The required answer is an exact copy of every entry underneath.

Extracted records
------------------------------

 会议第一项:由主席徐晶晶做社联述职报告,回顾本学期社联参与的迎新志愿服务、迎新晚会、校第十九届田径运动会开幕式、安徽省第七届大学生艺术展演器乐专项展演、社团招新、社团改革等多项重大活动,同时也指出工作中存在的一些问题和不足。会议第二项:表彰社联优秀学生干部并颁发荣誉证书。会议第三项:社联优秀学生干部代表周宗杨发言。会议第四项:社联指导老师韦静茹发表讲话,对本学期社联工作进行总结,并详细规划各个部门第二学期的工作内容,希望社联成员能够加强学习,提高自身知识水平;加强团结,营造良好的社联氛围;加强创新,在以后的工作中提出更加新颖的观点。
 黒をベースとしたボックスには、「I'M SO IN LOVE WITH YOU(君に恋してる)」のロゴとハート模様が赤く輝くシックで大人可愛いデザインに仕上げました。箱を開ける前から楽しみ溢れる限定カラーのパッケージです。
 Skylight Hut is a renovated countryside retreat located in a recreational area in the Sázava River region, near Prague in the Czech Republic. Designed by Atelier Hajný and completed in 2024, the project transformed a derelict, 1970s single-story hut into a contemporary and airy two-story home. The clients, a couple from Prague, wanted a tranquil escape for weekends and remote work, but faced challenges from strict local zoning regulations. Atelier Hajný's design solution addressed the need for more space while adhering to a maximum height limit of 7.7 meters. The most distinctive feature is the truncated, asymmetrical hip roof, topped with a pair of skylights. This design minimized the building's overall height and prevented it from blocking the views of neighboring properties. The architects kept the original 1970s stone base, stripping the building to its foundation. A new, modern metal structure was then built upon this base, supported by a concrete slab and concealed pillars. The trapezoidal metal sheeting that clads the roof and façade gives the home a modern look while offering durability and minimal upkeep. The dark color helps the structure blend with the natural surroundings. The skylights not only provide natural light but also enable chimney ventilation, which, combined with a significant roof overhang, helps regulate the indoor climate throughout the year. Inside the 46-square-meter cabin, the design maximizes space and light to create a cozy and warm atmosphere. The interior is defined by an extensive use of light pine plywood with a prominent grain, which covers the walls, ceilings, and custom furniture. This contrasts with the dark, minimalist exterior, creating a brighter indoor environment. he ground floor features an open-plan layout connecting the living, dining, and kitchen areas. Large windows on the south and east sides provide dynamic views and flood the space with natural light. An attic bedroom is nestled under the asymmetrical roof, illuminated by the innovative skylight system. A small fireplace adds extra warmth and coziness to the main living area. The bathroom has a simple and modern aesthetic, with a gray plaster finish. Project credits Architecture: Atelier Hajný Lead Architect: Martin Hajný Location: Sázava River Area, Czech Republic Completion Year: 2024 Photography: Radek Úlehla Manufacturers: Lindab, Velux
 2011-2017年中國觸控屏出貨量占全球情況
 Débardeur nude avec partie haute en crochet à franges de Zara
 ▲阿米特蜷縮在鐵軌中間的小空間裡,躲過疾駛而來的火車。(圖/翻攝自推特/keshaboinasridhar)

------------------------------

__RESULT OF THIS EXERCISE__:
 会议第一项:由主席徐晶晶做社联述职报告,回顾本学期社联参与的迎新志愿服务、迎新晚会、校第十九届田径运动会开幕式、安徽省第七届大学生艺术展演器乐专项展演、社团招新、社团改革等多项重大活动,同时也指出工作中存在的一些问题和不足。会议第二项:表彰社联优秀学生干部并颁发荣誉证书。会议第三项:社联优秀学生干部代表周宗杨发言。会议第四项:社联指导老师韦静茹发表讲话,对本学期社联工作进行总结,并详细规划各个部门第二学期的工作内容,希望社联成员能够加强学习,提高自身知识水平;加强团结,营造良好的社联氛围;加强创新,在以后的工作中提出更加新颖的观点。
 黒をベースとしたボックスには、「I'M SO IN LOVE WITH YOU(君に恋してる)」のロゴとハート模様が赤く輝くシックで大人可愛いデザインに仕上げました。箱を開ける前から楽しみ溢れる限定カラーのパッケージです。
 Skylight Hut is a renovated countryside retreat located in a recreational area in the Sázava River region, near Prague in the Czech Republic. Designed by Atelier Hajný and completed in 2024, the project transformed a derelict, 1970s single-story hut into a contemporary and airy two-story home. The clients, a couple from Prague, wanted a tranquil escape for weekends and remote work, but faced challenges from strict local zoning regulations. Atelier Hajný's design solution addressed the need for more space while adhering to a maximum height limit of 7.7 meters. The most distinctive feature is the truncated, asymmetrical hip roof, topped with a pair of skylights. This design minimized the building's overall height and prevented it from blocking the views of neighboring properties. The architects kept the original 1970s stone base, stripping the building to its foundation. A new, modern metal structure was then built upon this base, supported by a concrete slab and concealed pillars. The trapezoidal metal sheeting that clads the roof and façade gives the home a modern look while offering durability and minimal upkeep. The dark color helps the structure blend with the natural surroundings. The skylights not only provide natural light but also enable chimney ventilation, which, combined with a significant roof overhang, helps regulate the indoor climate throughout the year. Inside the 46-square-meter cabin, the design maximizes space and light to create a cozy and warm atmosphere. The interior is defined by an extensive use of light pine plywood with a prominent grain, which covers the walls, ceilings, and custom furniture. This contrasts with the dark, minimalist exterior, creating a brighter indoor environment. he ground floor features an open-plan layout connecting the living, dining, and kitchen areas. Large windows on the south and east sides provide dynamic views and flood the space with natural light. An attic bedroom is nestled under the asymmetrical roof, illuminated by the innovative skylight system. A small fireplace adds extra warmth and coziness to the main living area. The bathroom has a simple and modern aesthetic, with a gray plaster finish. Project credits Architecture: Atelier Hajný Lead Architect: Martin Hajný Location: Sázava River Area, Czech Republic Completion Year: 2024 Photography: Radek Úlehla Manufacturers: Lindab, Velux
 2011-2017年中國觸控屏出貨量占全球情況
 Débardeur nude avec partie haute en crochet à franges de Zara
 ▲阿米特蜷縮在鐵軌中間的小空間裡,躲過疾駛而來的火車。(圖/翻攝自推特/keshaboinasridhar)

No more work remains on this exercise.